[Requirement]
Please give back word for word the lines of the material below between the line containing "1、在首页中,点击底部拓展功能。" and the line containing "- When you leveled", inclusive.

[[ Source material, beginning ]]

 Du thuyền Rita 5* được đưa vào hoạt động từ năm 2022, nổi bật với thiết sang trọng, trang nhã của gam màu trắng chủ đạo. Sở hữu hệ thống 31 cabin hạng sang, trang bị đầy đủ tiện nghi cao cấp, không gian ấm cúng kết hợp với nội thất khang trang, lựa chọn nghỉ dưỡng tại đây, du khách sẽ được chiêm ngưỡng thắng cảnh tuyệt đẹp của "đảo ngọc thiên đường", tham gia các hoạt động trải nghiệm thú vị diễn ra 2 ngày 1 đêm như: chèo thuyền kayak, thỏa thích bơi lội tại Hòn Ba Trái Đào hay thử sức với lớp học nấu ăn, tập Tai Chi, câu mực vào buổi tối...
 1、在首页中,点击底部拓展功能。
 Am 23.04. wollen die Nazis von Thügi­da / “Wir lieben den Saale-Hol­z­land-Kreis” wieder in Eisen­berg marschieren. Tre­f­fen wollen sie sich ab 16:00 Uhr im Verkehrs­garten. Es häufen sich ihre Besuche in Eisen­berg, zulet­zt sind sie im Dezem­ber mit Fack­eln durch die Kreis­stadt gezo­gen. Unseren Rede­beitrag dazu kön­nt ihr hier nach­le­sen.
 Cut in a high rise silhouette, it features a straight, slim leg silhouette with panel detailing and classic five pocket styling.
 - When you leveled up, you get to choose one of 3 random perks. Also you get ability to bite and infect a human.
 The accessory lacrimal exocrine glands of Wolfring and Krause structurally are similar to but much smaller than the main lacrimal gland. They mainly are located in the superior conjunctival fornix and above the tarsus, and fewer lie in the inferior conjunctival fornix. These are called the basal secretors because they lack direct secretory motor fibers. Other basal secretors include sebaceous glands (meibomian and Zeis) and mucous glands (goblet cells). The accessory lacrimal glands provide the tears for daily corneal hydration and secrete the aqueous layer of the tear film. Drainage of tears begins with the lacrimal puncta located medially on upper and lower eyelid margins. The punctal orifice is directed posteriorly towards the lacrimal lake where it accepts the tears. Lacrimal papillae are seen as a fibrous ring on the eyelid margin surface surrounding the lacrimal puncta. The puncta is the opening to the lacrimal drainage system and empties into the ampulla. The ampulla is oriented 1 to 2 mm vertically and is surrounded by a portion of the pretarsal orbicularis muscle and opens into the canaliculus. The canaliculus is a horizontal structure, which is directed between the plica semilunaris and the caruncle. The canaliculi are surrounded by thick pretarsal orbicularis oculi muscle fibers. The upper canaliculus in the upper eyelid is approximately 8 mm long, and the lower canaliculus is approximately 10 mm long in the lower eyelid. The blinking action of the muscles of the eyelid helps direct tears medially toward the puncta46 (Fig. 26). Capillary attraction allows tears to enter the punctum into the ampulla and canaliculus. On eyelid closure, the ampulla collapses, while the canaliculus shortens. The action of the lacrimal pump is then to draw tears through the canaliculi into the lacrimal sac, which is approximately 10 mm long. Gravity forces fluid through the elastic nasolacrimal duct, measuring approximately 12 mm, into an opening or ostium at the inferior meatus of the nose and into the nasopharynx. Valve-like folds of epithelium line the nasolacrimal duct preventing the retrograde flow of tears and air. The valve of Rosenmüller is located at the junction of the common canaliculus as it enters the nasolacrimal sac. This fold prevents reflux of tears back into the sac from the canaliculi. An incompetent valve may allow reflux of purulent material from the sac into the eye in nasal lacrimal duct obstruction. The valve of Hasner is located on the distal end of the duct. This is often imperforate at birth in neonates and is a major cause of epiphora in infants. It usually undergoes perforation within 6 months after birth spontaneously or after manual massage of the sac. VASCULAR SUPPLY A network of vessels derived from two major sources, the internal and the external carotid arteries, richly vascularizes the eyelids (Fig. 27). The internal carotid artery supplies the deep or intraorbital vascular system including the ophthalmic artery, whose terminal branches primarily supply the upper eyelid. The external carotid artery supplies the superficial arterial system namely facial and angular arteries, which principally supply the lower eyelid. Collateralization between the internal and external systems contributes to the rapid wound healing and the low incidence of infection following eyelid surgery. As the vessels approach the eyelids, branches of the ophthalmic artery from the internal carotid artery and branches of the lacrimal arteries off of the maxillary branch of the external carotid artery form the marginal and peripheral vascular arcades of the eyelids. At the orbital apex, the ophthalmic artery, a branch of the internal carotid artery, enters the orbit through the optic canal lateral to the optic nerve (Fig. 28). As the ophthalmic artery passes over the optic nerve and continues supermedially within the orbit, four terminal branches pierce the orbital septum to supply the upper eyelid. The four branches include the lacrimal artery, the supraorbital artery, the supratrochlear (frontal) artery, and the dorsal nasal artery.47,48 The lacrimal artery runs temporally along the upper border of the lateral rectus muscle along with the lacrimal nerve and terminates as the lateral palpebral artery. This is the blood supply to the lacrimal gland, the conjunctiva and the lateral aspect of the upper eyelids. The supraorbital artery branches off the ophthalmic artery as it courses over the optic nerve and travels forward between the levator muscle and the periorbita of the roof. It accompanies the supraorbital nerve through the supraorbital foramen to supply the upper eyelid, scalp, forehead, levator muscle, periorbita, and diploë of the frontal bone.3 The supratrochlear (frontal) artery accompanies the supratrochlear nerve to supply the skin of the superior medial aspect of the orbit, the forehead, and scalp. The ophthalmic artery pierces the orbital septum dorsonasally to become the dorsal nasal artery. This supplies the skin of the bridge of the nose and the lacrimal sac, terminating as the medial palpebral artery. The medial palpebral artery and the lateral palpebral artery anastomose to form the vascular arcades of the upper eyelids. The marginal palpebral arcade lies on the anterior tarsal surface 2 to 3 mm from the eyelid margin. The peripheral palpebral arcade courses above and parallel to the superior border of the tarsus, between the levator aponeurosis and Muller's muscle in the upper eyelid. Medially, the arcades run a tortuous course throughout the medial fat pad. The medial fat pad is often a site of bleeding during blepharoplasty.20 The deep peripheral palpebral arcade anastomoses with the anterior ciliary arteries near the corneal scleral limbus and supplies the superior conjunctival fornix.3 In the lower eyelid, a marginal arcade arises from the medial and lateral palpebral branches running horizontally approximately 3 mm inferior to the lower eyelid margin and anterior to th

[[ Source material, end ]]

[Answer to this exercise]
 1、在首页中,点击底部拓展功能。
 Am 23.04. wollen die Nazis von Thügi­da / “Wir lieben den Saale-Hol­z­land-Kreis” wieder in Eisen­berg marschieren. Tre­f­fen wollen sie sich ab 16:00 Uhr im Verkehrs­garten. Es häufen sich ihre Besuche in Eisen­berg, zulet­zt sind sie im Dezem­ber mit Fack­eln durch die Kreis­stadt gezo­gen. Unseren Rede­beitrag dazu kön­nt ihr hier nach­le­sen.
 Cut in a high rise silhouette, it features a straight, slim leg silhouette with panel detailing and classic five pocket styling.
 - When you leveled up, you get to choose one of 3 random perks. Also you get ability to bite and infect a human.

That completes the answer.